Extracted data entries
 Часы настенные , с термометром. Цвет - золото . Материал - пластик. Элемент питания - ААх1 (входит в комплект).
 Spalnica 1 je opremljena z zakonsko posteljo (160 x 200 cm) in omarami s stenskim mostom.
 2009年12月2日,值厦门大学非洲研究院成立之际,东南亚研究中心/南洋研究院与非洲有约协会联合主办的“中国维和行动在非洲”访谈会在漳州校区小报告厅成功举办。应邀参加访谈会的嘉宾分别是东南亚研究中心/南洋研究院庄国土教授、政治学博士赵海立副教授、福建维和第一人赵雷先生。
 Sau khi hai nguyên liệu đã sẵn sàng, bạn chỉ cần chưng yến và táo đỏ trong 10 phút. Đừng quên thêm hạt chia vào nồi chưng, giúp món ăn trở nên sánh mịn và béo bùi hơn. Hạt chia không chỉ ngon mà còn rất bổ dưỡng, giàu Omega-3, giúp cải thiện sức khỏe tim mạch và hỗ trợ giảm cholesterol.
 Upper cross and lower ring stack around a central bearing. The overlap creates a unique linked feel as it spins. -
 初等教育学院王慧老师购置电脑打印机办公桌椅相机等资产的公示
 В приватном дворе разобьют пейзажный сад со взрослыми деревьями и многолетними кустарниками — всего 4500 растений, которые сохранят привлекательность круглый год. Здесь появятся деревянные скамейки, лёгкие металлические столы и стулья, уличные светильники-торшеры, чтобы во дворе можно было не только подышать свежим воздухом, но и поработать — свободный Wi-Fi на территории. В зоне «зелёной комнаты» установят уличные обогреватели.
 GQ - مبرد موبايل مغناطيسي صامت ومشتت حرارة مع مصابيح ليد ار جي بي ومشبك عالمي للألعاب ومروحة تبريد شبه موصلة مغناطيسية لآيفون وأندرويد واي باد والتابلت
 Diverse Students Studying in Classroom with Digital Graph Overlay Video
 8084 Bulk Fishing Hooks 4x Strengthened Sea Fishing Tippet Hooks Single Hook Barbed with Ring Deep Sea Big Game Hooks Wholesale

* * *

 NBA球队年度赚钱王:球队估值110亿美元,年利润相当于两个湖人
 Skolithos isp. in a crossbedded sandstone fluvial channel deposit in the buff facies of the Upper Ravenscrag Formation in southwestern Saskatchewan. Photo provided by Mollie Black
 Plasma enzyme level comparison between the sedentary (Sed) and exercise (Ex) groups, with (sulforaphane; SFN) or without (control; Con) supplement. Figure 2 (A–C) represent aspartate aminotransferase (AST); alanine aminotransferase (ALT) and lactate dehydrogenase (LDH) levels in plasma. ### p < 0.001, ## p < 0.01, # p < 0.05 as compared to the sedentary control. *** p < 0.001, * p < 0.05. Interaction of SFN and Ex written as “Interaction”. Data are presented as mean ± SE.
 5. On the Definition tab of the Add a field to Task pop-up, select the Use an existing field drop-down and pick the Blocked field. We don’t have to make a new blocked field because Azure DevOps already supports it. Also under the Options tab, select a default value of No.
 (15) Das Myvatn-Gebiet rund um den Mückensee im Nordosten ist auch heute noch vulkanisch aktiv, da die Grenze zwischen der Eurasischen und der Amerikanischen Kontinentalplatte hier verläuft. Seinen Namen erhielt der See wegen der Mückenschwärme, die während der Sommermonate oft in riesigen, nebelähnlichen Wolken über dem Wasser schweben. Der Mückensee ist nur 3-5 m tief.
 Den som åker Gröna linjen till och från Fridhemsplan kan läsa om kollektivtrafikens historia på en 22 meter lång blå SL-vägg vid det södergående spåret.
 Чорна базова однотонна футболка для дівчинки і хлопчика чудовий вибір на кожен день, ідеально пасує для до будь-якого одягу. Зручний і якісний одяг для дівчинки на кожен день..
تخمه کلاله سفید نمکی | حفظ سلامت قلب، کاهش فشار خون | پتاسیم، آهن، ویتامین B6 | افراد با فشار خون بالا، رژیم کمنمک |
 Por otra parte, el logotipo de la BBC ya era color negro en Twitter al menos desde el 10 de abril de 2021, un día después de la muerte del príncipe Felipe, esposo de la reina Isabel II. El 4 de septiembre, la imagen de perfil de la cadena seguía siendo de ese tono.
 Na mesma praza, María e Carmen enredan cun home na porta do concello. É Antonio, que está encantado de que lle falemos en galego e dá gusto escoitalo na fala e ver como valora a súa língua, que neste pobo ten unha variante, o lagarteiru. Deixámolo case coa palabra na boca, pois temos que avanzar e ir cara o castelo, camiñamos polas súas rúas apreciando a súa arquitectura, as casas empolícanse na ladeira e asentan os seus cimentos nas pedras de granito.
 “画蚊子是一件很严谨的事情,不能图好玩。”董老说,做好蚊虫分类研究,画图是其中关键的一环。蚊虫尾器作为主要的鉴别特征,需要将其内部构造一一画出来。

--

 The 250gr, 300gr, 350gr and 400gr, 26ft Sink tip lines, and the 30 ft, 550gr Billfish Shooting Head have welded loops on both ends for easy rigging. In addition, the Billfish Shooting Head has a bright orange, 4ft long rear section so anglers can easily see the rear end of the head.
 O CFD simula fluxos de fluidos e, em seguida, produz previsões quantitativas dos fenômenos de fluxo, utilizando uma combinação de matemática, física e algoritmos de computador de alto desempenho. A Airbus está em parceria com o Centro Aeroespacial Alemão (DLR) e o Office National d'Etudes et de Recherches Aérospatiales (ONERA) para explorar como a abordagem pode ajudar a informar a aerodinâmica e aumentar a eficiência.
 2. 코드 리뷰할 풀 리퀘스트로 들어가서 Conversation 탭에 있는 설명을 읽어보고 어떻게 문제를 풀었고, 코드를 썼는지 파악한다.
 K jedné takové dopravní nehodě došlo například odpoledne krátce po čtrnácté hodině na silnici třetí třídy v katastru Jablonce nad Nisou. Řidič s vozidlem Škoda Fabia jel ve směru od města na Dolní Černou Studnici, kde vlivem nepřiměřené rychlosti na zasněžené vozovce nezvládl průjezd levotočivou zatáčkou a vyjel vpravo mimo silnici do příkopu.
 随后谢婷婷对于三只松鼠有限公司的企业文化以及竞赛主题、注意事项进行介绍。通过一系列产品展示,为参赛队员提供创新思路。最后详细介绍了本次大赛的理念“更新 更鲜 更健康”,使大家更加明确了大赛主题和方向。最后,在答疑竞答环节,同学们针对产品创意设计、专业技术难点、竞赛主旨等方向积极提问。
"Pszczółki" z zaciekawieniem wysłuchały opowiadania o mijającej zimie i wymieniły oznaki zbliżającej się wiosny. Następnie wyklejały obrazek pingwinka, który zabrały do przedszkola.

Work instructions » Filter the entries and copy each line with "Upper".

Output »
 Upper cross and lower ring stack around a central bearing. The overlap creates a unique linked feel as it spins. -
 Skolithos isp. in a crossbedded sandstone fluvial channel deposit in the buff facies of the Upper Ravenscrag Formation in southwestern Saskatchewan. Photo provided by Mollie Black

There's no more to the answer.